ADR-004: Roles and Service Accounts¶
Context¶
We need to define roles and service accounts to allow all our use cases. Our first concerns are to allow the following:
- Users should be able to deploy (manually in test cluster, via the deploy API in production clusters), but we do not want them by default to read secrets
- Admins should get full access to all resources, mostly for emergency access
- Applications should not get by default write access to the Kubernetes API
- It should be possible for some applications to write to the Kubernetes API.
Decision¶
We define the following Roles:
- ReadOnly: allowed to read every resource, but not secrets. “exec” and “proxy” and similar operations are not allowed. Allowed to do “port-forward” to special proxy, which will enable DB access.

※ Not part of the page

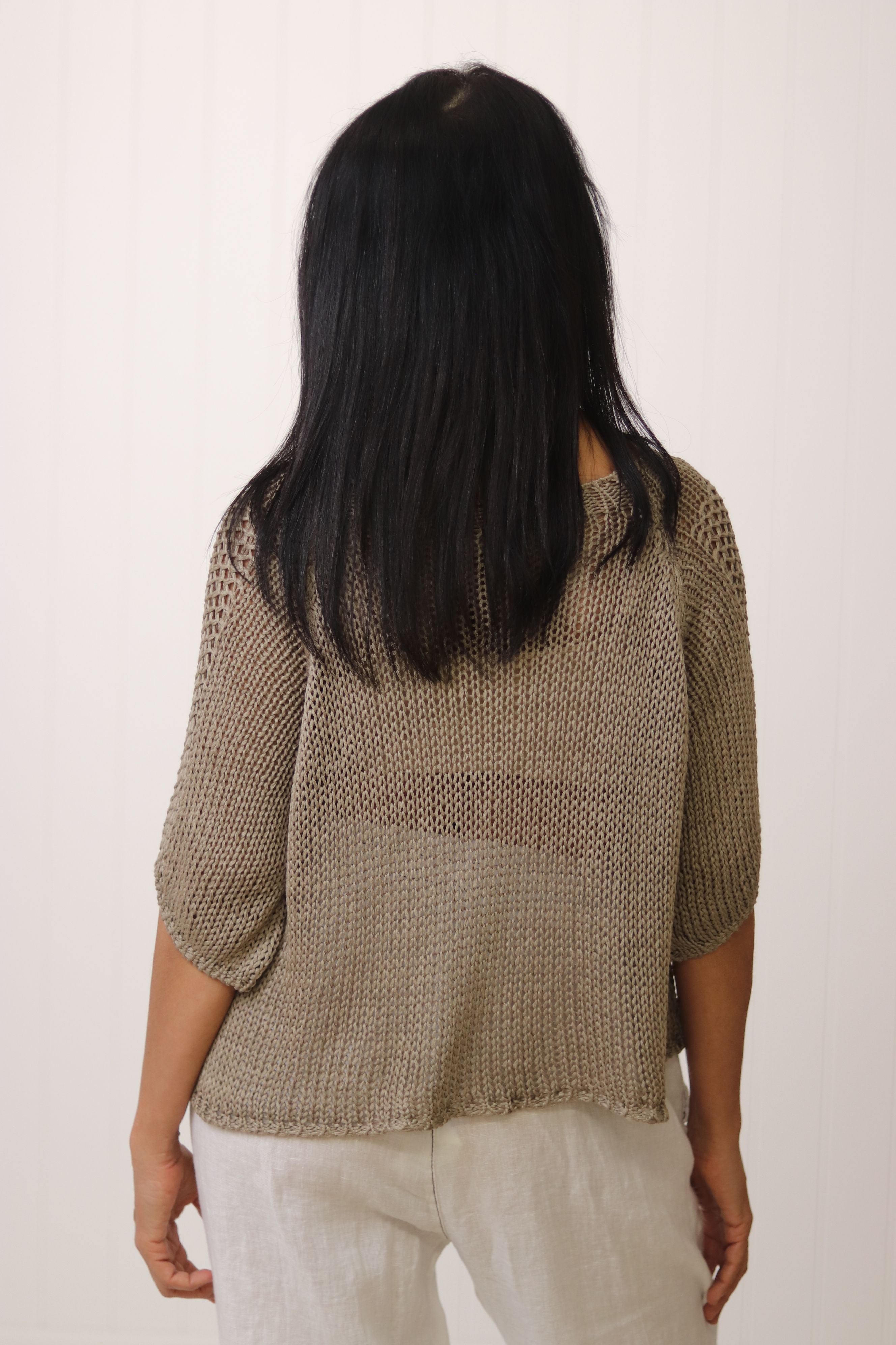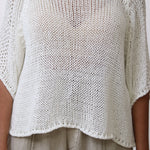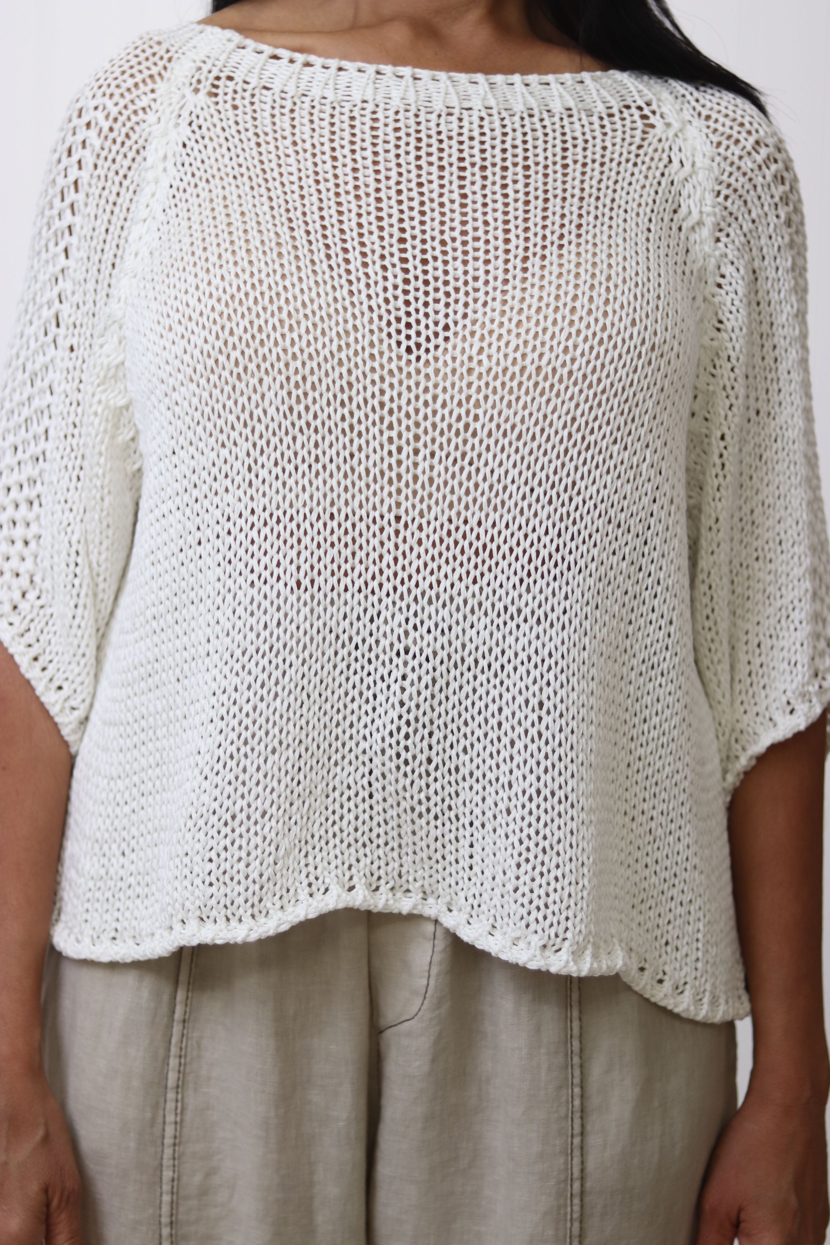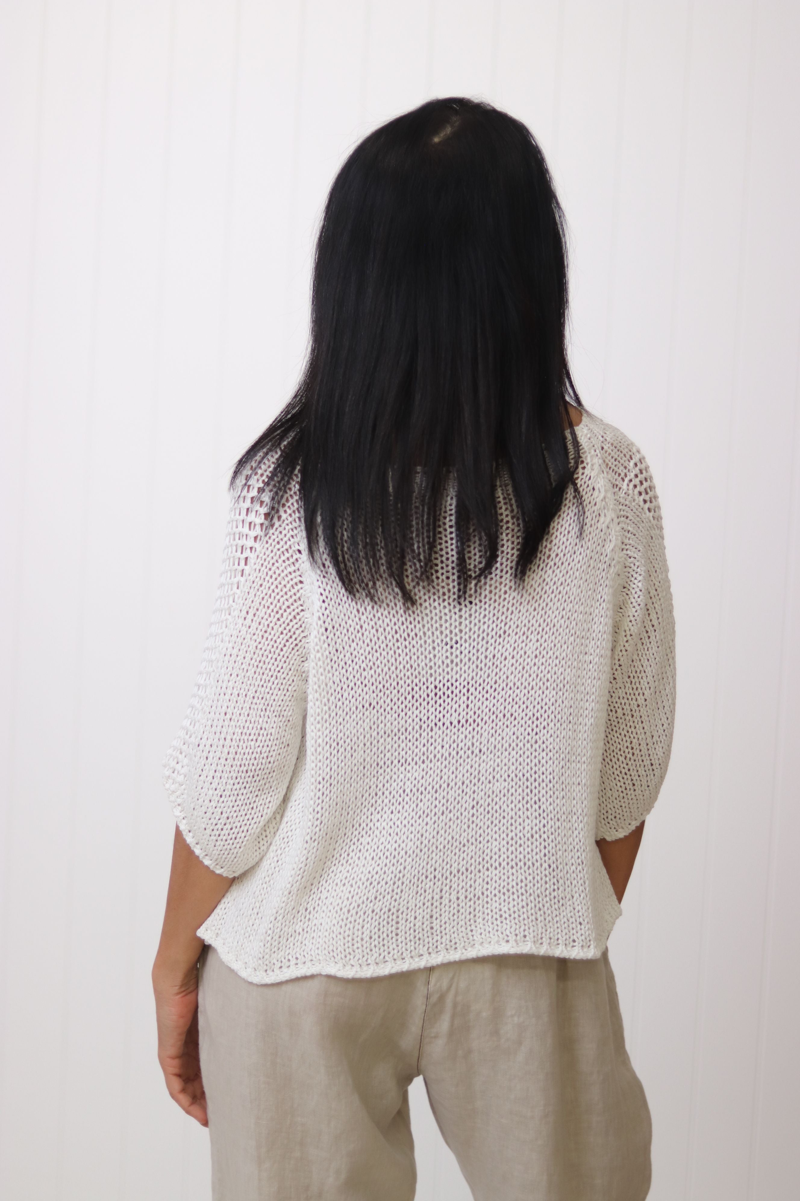 The Violet Cotton Knit, crafted from beautiful cotton, offers lightweight comfort with its breathable texture. Featuring a rounded neck and half-length sleeves, it provides a versatile and elegant look. Due to its lightweight nature, layering with a cami or similar garment underneath is recommended for optimal comfort and coverage. Perfect for transitional weather, this piece combines style and practicality with expert tailoring.

- PowerUser: “restricted” Pod Security Policy with write access to all namespaces but kube-system, ReadOnly access to kube-system namespace, “exec” and “proxy” are allowed, RW for secrets, no write of daemonsets. DB access through “port-forward” and special proxy.
- Operator: “privileged” Pod Security Policy with write access to the own namespace and read and write access to third party resources in all namespaces.
- Controller: Kubernetes component controller-manager is not allowed to “use” other Pod Security Policies then “restricted”, such that serviceAccount authorization is used to check the permission. To all other resources it has full access.
- Admin: full access to all resources
And the following pairs <namespace, service account> that will get the listed role, assigned by the WebHook:
- “kube-system:default” - Admin
- “default:default” - ReadOnly
- “*:operator” - Operator
- kube-controller-manager - Controller
- kubelet - Admin
Application that will want write access to the Kubernetes API will have to use the “operator” service account.
Status¶
Accepted.
Consequences¶
This decision is a breaking change of what was previously defined for applications. Users that need applications with write access to the Kubernetes API will need to select the right service account. The controller-manager has now an identity and uses the secured kube-apiserver endpoint, such that it can be authorized by the webhook.